Regarding Google Chrome browser extensions’ safety, two recent papers present very different perspectives. A three-year period has seen 280 million people install malicious extensions, according to university researchers, despite Google’s claim that less than 1% of all installs contain malware. I am not particularly confident in either number.
On the Chrome web store, Google claims that there are over 250,000 extensions available. Furthermore, Google claims that ‘less than 1% of all installs from the Chrome Web Store were found to include malware,’ so I guess I shouldn’t be as comforted by that.
Read Also: Chrome FLEDGE update brings PPC and SEO hope
The alarming frequency of security-related Chrome browser extensions is brought to light in a recent report by academics from Stanford University and the CISPA Helmholtz Center for Information Security. Approximately 346 people were found to have During July 2020 and February 2023, millions of users installed these kinds of extensions.
The researchers calculate that there were still 280 million installs of Chrome extensions containing malware, even after removing 63 million policy violations and three million with susceptible code.
The Researchers’ Take on Security-Relevant Chrome Browser Extensions
On June 18, the concerned researchers, Sheryl Hsu, Manda Tran, and Aurore Fass, released their work. Not to mention, extensions with malware in the SNE definition, as well as code vulnerabilities and Google’s web store policy breaches, are all covered in this research study. But the malware aspect of things interests me the most.
In particular, because extensions frequently call for extensive permissions that may compromise user security and privacy, it is essential The permissions of a malicious extension determine its attack surface.
‘We gathered permissions by interpreting each extension’s manifest.json file,’ the study states. Permissions in the manifest V3 were split into ‘host permissions (URLs or URL patterns that an extension wishes to make requests to) and permissions (APIs like storage or cookies),’ with the two combined in the previous manifest V2.

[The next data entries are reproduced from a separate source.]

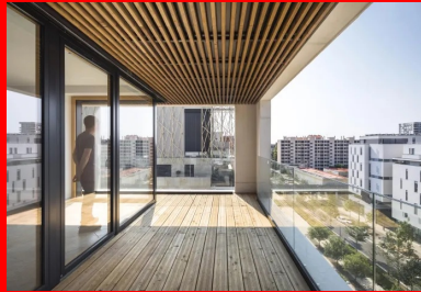
Des loggias profondes sont autant de prolongements extérieurs pour les appartements.
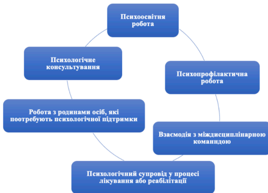
Рис.1.1. Основні напрями роботи психолога у сфері клінічної та реабілітаційної психології

...основні напрями роботи психолога у сфері клінічної та реабілітаційної психології можна узагальнити у вигляді схеми, поданої на рис. 1.1.
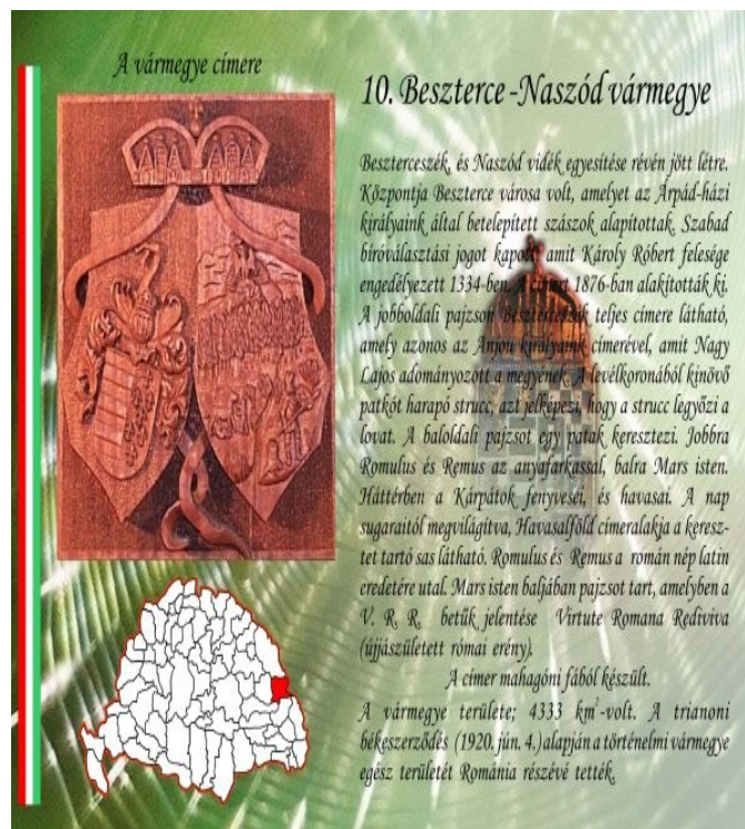
A vármegye címere
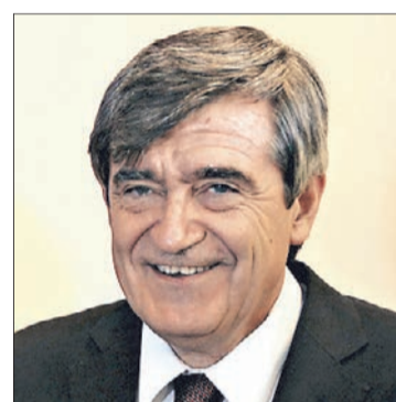
CAMILO ESCALONA. Fue diputado en Lota, senador en Los Lagos y ahora apunta a Aysén.
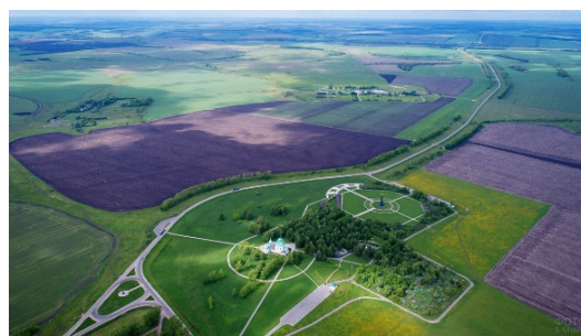
Рис. 1. Музей-заповедник «Куликово поле» — российский музейный комплекс, посвященный Куликовской битве, Тульская область, общий вид

В России имеется большое число пространственно-территориальных памятников Великой Отечественной войны, которые уже отнесены к достопримечательным местам (ДМ) или ждут изменения статуса своей территории и корректировку режимов ее использования в соответствии с действующим законодательством в сфере охраны объектов культурного наследия. В нашей стране на территории трех полей исторических сражений («полей сражений» или «ратных полей») созданы музеи-заповедники: на Куликовом поле (Тульская область, ДМ федерального значения, рис. 1), Бородинском поле (Московская область, ДМ федерального значения) и Прохоровском поле (Белгородская область, ДМ федерального значения, рис. 2). Территория Волгоградской области и г. Волгограда выделяется концентрированностью памятников и памятных мест, относящихся к событиям Великой Отечественной войны и, в первую очередь, Сталинградской битвы.
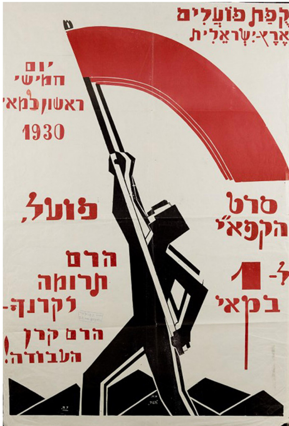
“Elevar la dignidad del Trabajo”, Federación General de Trabajadores de la Tierra de Israel (Histadrut), diseñado por S.T. Hatov, 1930
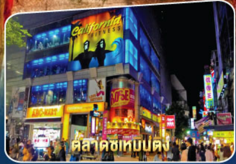
ตลาดซีเหมินตง
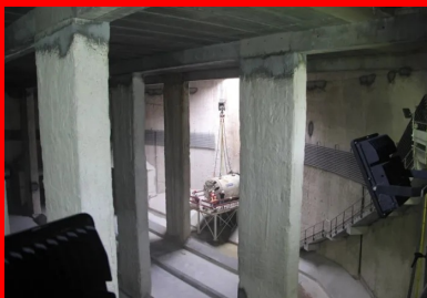
Sortie du micro-tunnelier dans le bassin
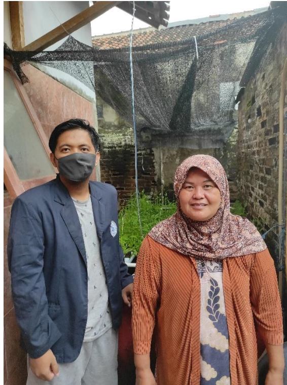
Gambar 2.11 Foto Bersama Ibu Rumah Tangga Yang Ingin Belajar Hidroponik

menghemat pengeluaran, jadi program ini cocok untuk menjawab permasalahan yang sedang dihadapi para ibu rumah tangga tersebut. Berikut dokumentasi bersama ibu rumah tangga dalam melakukan pelatihan hidroponik:
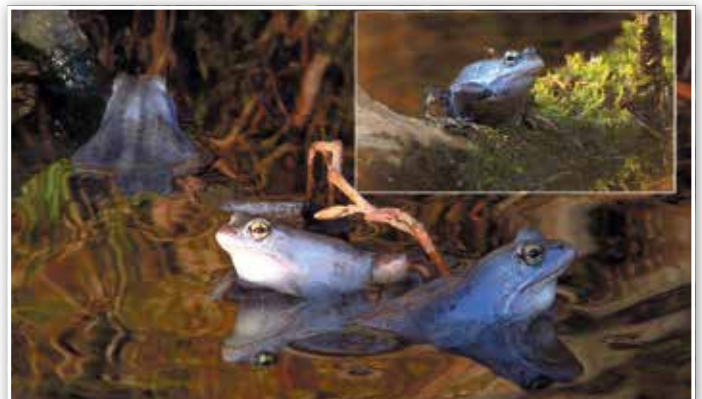
Moorfrösche am Pätzer Vordersee
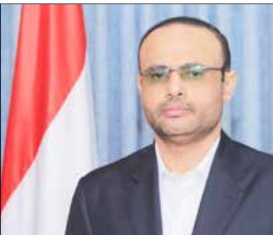
الرئيس المشاط يعزي في وفاة الشيخ أحمد عبدالله ناصر دغيش

الأربعاء: 27 جمادى الآخرة 1447هـ | 17 ديسمبر 2025م | العدد 342 | 12 صفحة | السنة الخامسة
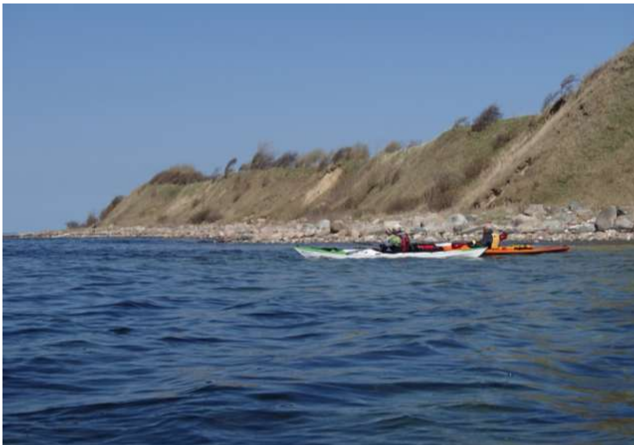
Over alt langs kysterne kan stenene langs stranden sætte sine aftryk på kajakkerne og Isefjorden er ingen undtagelse.
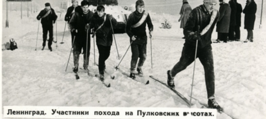
Ленинград. Участники похода на Пулковских высотах.
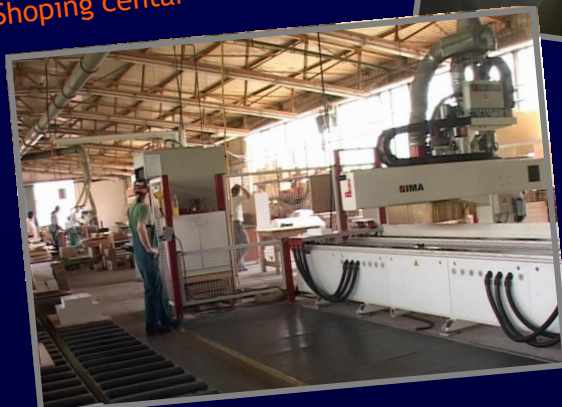
Proizvodnja namještaja / Production of furniture
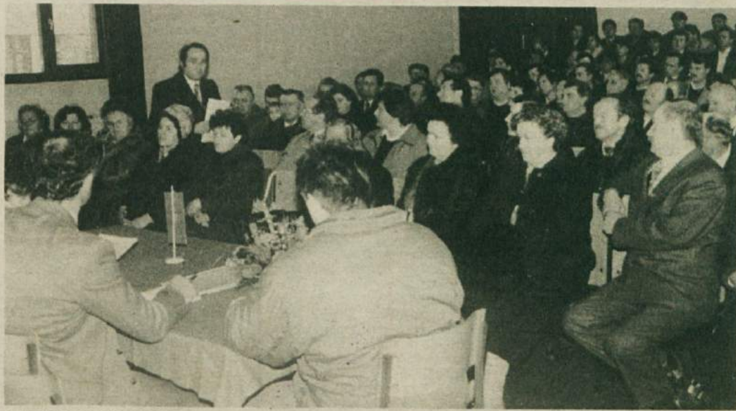
NEZADOVOLJNI KMETJE — Tudi šentjernejski kmetje so nezadovoljni z vlado in trdijo, da kmetijstvo peha v pogubo

Po dolgem času se obeta lep, sončen in topel konec tedna.
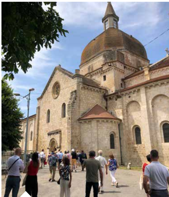
Visite de l'ensemble prieural de Layrac, proposée par Jean-Luc Moreno et l'équipe de Destination Agen, le 5 juillet 2025
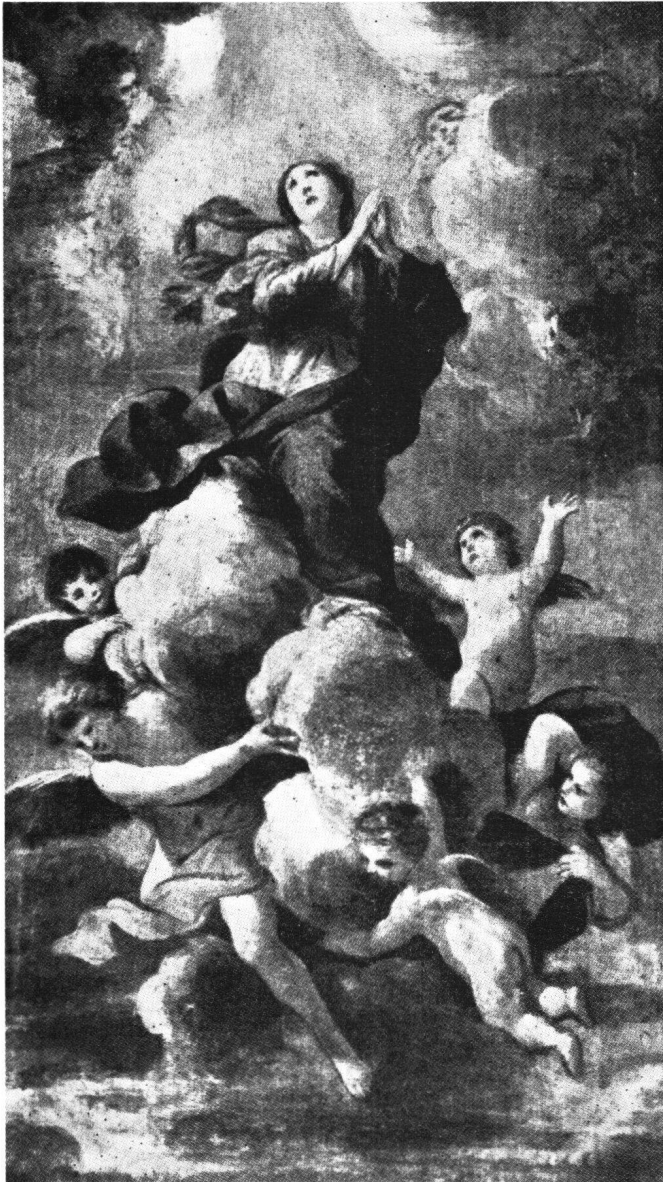
Abb. 4 Giovanni Francesco Romanelli, Assumpta. Bozzetto in der Collezione Marchesi Incisa della Rocchetta, Rom, zum 1638/39 entstandenen zentralen Deckenfresko in der Sakristei der Römer Kirche S. Maria dell'Anima.
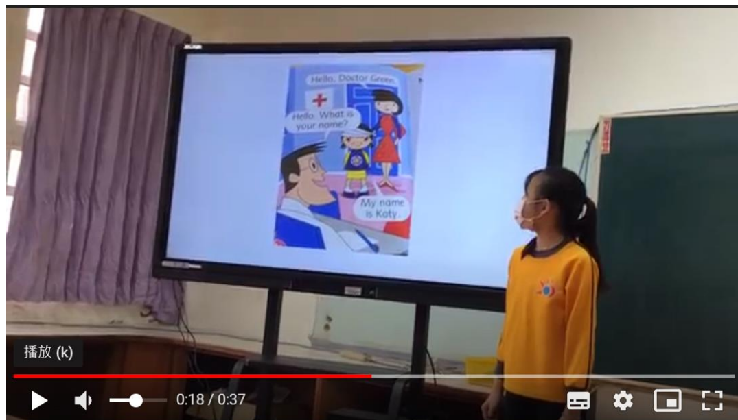
中年級學生閱讀/朗讀情形
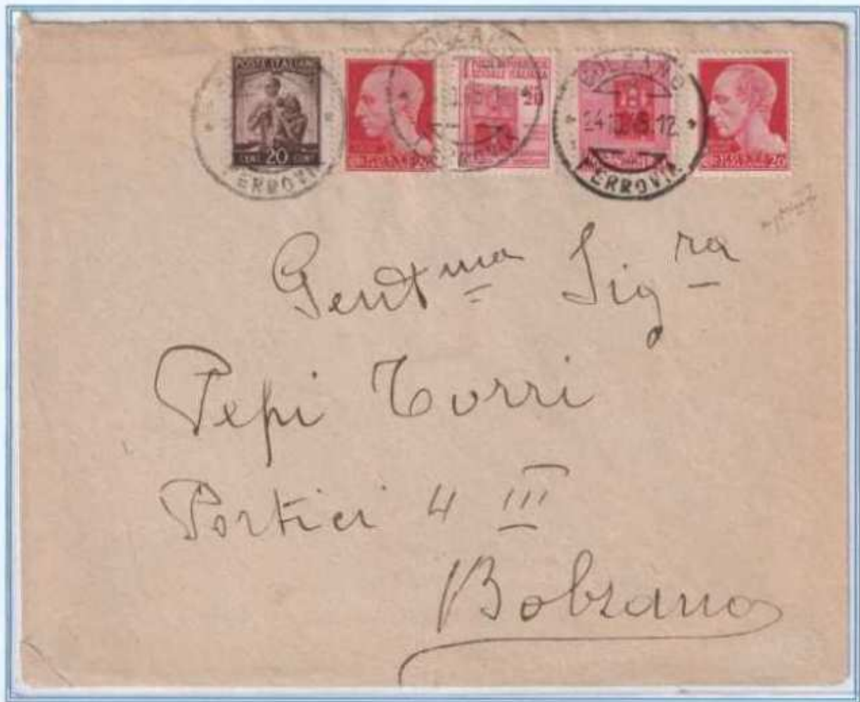
24/10/1946 - Lettera in distretto tariffa 1 L da Bolzano per città, i valori da 20 c. imperiale e democratica sono affiancati da altri tre valori da 20 c., due della R.S.I e uno della luogotenenza emissione di Roma. (e)
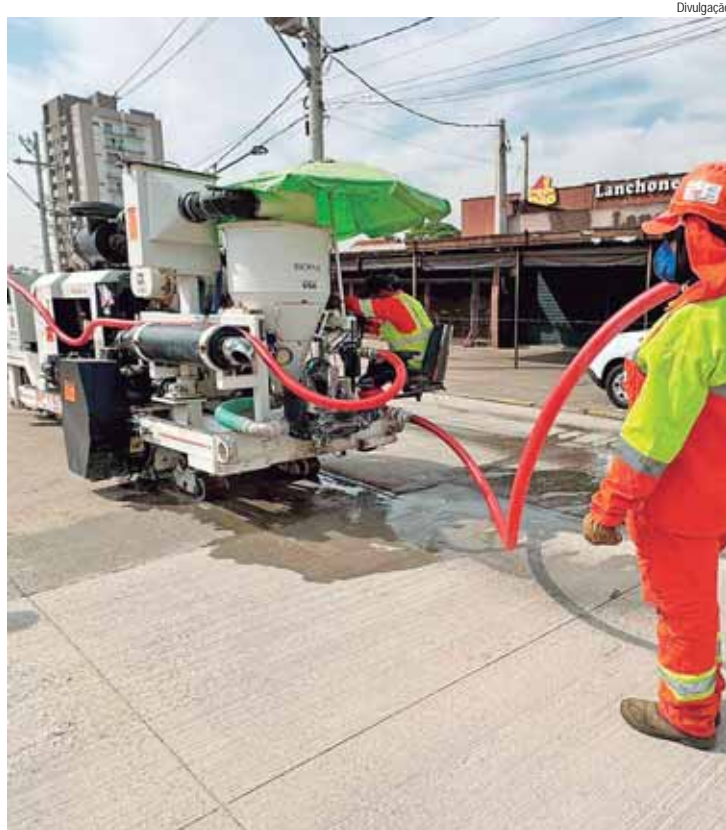
Máquina que realiza a remoção de ondulações no pavimento em concreto é de origem americana - qualidade no serviço

O Pavimento Urbano em Concreto tem alta durabilidade, com garantia de no mínimo 20 anos, contra danos causados pelos impactos no pavimento, tornando-se uma alternativa durável, com vida útil prolongada, econômica e eficiente.
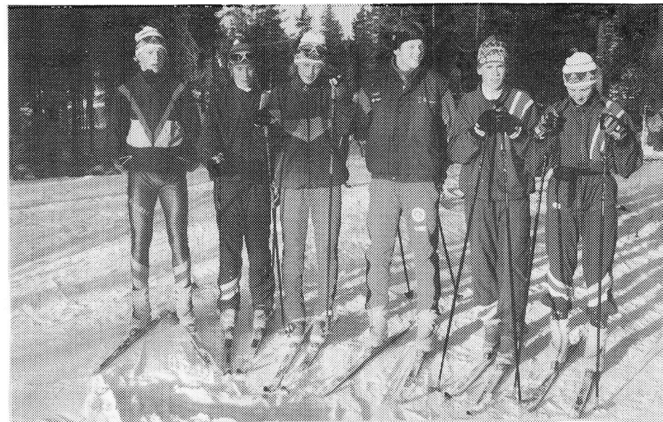
Utøvere fra eldste gruppe klar til treningsøkt.

Som ovennevnte viser hevder Grei seg godt i klassene fra 11 år og oppover, men

The researchers discovered, predictably enough, that malicious extensions typically request greater rights than trusted ones. Finally, the study found that the attack surface increased with the number of permissions an extension had.
The study also discovered that, on average, malware-containing extensions were accessible from the Chrome online store for 380 days. This finding was concerning. The analysis stated that one was accessible from December 2013 to June 2022. upon removal upon discovery that it contained malware.
Google’s Statement Regarding Security Using Chrome Extensions
Benjamin Ackerman, Anunoy Ghosh, and David Warren from the Chrome security team acknowledge that ‘as with any software, extensions can also introduce risk’ in a post published on the Google Security Blog on June 20, just 48 hours after the researchers revealed their findings.
Yet, it also outlines the steps taken by a committed security team to ensure Chrome users’ safety concerning extensions. According to Google, this team monitors installed extensions after they have been added to the Chrome web store, reviews all extensions before their publication, and gives users a tailored summary of what they have installed.
An illustration of this in operation is the safety inspection panel located at the top of the extension page, which notifies users of any installed extensions that could be dangerous. Google claimed that ‘you probably don’t have any extensions you need to worry about if you don’t see a warning panel,’ but the Stanford study casts doubt on that claim.
Having said that, every extension that wants to be included in the online store is first screened by Google’s automatic machine-learning algorithm and after that,
Each extension’s pictures, descriptions, and public policies are reviewed by a person.
Less than 1% of all installs from the Chrome Web Store in 2024 were found to contain malware, according to Google, which claimed that their review process pulls out the vast majority of malicious extensions before they even get released. Despite our pride in this achievement, some We further watch published extensions because malicious extensions can still be downloaded.
How to Make Sure Your Google Chrome Extensions Are Secure: Four Tips
To reduce the possibility of harmful extensions, Google advises Chrome users to take the following four steps:
Before installing any new extensions, make sure you review them and study the developer and the extension.
1. When you’re done using an extension, uninstall it.
2. The websites that an extension is permitted to work on should be limited.
3. Enable Chrome’s Safe Browsing feature’s Enhanced Protection mode.
4. This mode offers safeguards against malware and phishing, along with features designed to protect you from potentially dangerous extensions.